Bass piano?
So, a bass guitar is pretty much just like a guitar, strung to play lower notes. Can someone more musically knowledgeable than I am explain why nobody's ever made a bass piano full of really long, thick strings? I would love to see (and hear) a giant bass piano.
UPDATE: My brother-in-law informs me that Bösendorfer does, in fact, make a piano with four extra lower keys.
3 Comments:
er... becuase it's already got a bass register?
A guituar usually has 6 or 12 strings.
the piano already has 88.
That's bass, tenor, alto, soprano, and ultra-soprano, I guess.
Looking at http://en.wikipedia.org/wiki/Piano_key_frequencies -- it seems that you really can't get frequencies much lower than are already being created (27.5 Hz -- 4186.01), without going infra-sonic.
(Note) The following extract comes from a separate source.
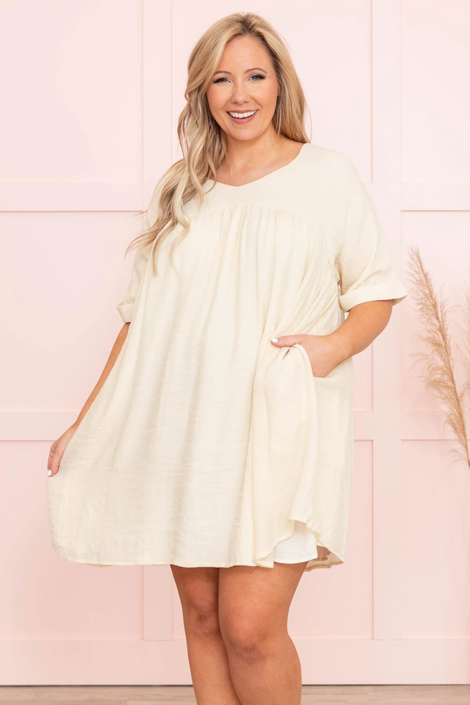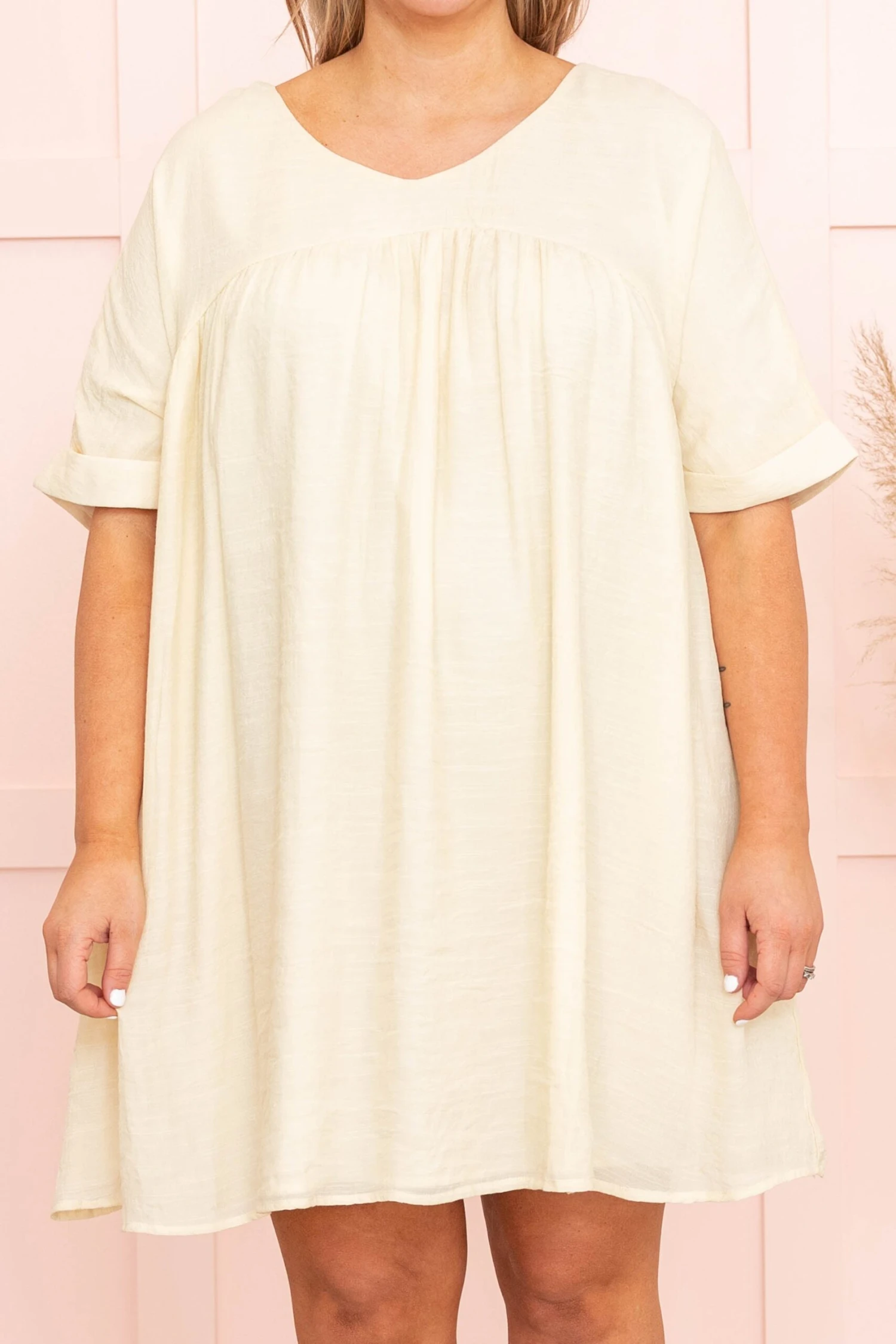 Look like a model straight off the runway in this dress! This dress has a solid cream color you can style for every occasion! It’s comfortable for all-day wear, has a flowy baby doll fit to flatter your figure, and can be styled with your favorite shoes and accessories! Simply pair this dress with wedges or sandals for your next event!

it seems that you really can't get frequencies much lower than are already being created (27.5 Hz -- 4186.01), without going infra-sonic
All the more reason to do it!
Actually, I should probably ask my brother-in-law who's writing a PhD thesis on tuning.
Remember David Funderburk? He had this awesome dream once that the beastie boys were in his back yard playing a huge instrument they'd strung on a tree trunk. It was called the "space bass." That's what you need to have.